(Input data Opens)

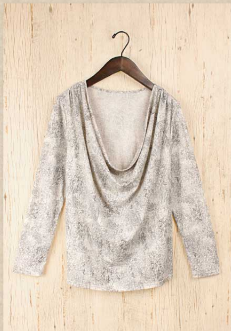
T/L ペイズリープリント ドレーピング TEE 120822-024

¥5,200(本体) ¥5,460(税込) polyester 85% linen 15% バスト 92cm 着丈 63cm
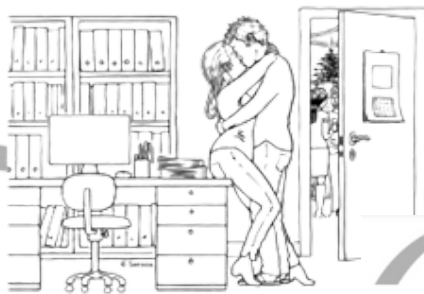
Een leidinggevende kust met een collega. Ze zijn weggeslopen op een feestje. Ze vinden het allebei fijn.
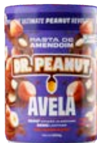
PASTA DE AMENDOIM AVELÃ DR. PEANUT

(Input data Closes)

Work instructions
What is needed here is an exact transcript of the data above, pictures excluded.

Answer section
T/L ペイズリープリント ドレーピング TEE 120822-024

¥5,200(本体) ¥5,460(税込) polyester 85% linen 15% バスト 92cm 着丈 63cm
Een leidinggevende kust met een collega. Ze zijn weggeslopen op een feestje. Ze vinden het allebei fijn.
PASTA DE AMENDOIM AVELÃ DR. PEANUT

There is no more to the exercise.